October 11, 2023

A Few Words on the Question of Stigmata (Archbishop Basil Krivoshein)

A Few Words on the Question of Stigmata

By Archbishop Basil (Krivoshein)

In the report on stigmata published in this issue of our “Vestnik”,1 Bishop Anthony2 deliberately limited himself to presenting the psychophysical side of the phenomenon of stigmatization against the background of an emotional-spiritual type of spirituality, focused on the suffering of Christ. One could develop these thoughts by saying that stigmatization is understandable and, consciously or unconsciously, is possible only in a specific theological and spiritual environment, characteristic of well-known and very strong theological and spiritual movements in the Catholic Church, but alien in its entirety to the Orthodox Church. Another thing is that one of the Orthodox or even Monophysites could one way or another join such movements and, therefore, gain the opportunity to become a “stigmatist.” Vladyka Anthony emphasizes precisely this.

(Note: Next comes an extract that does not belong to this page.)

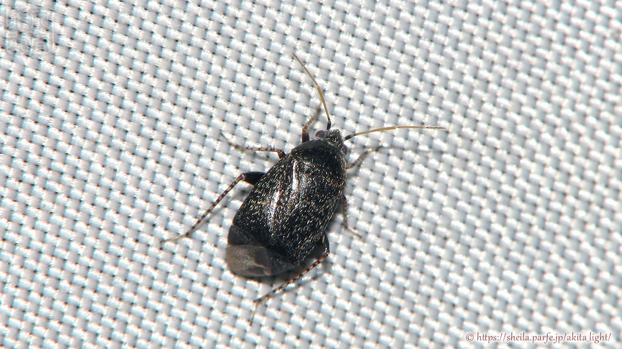 ライトトラップ下のクロツヤトビカスミカメ(メス)

The spiritual and theological background of stigmatization from an Orthodox perspective could be summarized as follows.

I. “Imaginative” prayer, evoking ideas, or, as the ancient ascetic fathers called them, “imaginations,” when the person praying imagines the suffering of Christ and focuses all his attention on these images evoked by him. Such a prayer technique can greatly influence the mental and even physical state of the person praying, and this justifies the phenomenon of stigmatization. The Orthodox Fathers reject this path of prayer, based on the work of the imagination, as dangerous and leading to error, and contrast it with pure and formless prayer, in which our mind is freed from every image and even from every thought and, uniting with the heart, as if “naked” stands before Jesus Christ the Son of God, begging Him for mercy.

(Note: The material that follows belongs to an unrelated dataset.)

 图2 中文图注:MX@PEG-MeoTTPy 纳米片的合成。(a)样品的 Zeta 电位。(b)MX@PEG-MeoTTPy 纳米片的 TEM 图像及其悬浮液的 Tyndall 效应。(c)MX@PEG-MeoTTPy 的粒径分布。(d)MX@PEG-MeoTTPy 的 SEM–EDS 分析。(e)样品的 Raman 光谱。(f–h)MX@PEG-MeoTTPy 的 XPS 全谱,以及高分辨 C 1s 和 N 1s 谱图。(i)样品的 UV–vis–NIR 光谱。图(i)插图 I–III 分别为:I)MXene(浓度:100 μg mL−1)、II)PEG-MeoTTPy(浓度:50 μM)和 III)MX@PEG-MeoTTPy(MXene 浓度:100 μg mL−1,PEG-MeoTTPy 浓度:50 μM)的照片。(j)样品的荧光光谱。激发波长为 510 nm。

II. The division of the one Christ into two persons, a division, strictly speaking, that is “Nestorian” (Divine and Human), and an exclusive focus on the human nature of Christ with an almost complete eradication of His Divinity. Before such a “vision,” the Orthodox do not cease to repeat the “war cry” of St. Cyril of Alexandria: “One Christ,” the Incarnate Word, one Person in two natures, Divine and human, without confusion or division, as defined by the great Synod of Chalcedon. His humanity cannot be separated from His Godhead, not only theologically, but also spiritually. And in His suffering on the Cross, Christ is always God, the Eternal Word, although suffering according to His human nature. The cult of Christ the Man, eclipsing Christ the God, with pious concentration on His humanity alone for an Orthodox believer is spiritual Nestorianism. It is this exclusive focus on the human nature of Christ alone that is very characteristic of the spiritual disposition of stigmatics.

III. The dominant place in the theology, spiritual life and piety of the stigmatists is occupied by the suffering of Christ, so “exclusively” that it actually removes and obscures His Resurrection. The glorified Christ of the Resurrection and Transfiguration, Christ, who sits at the right hand of the Father and sends us from Him on the Day of Pentecost the Holy Spirit, Christ of the parousia does not exist for stigmatics, or rather, He does not interest them. Their vision of Christ is not “in completeness,” and not “according to Scripture.” And it would be in vain to justify this vision with the words of the Apostle Paul: “For I determined to know nothing among you except Jesus Christ, and Him Crucified” (1 Cor. 2:2), because the Apostle Paul was an apostle not only of the Cross, but also of the Resurrection, and with what power he proclaims: “If Christ is not risen, then our preaching is in vain, and our faith is in vain” (1 Cor. 15:14).

This seems to us to be a specific theological and spiritual “climate” in which the psychophysical phenomenon of stigmatization could arise and develop. Throughout the entire ancient Church, both in the East and in the West, it was unknown, but after schism found favorable soil for its development in the Roman Catholic Church. However, we do not at all identify this phenomenon with the general spiritual aspect and theology of this Church. For the Orthodox, stigmatization is an incomplete, one-sided and diminished, however sincere and ardent, vision of the Christian faith, as well as the spiritual life and experience flowing from it, using prayer techniques rejected by the great teachers of patristic spiritual work.

However, we do not want to make too categorical judgments. “The wind blows where it pleases” (John 3:8). The defective and unbalanced “spirituality” of stigmatics should not be completely rejected. It would be foolhardy to deny a priori the possibility of the action of Divine grace among stigmatics in response to their sincerity and passion, even if these manifestations seem strange and too “human” to us, despite all their theological deviations.
1. Bulletin of the Russian Western European Patriarchal Exarchate. 1963. No. 44.

2. Metropolitan Anthony of Sourozh (Bloom).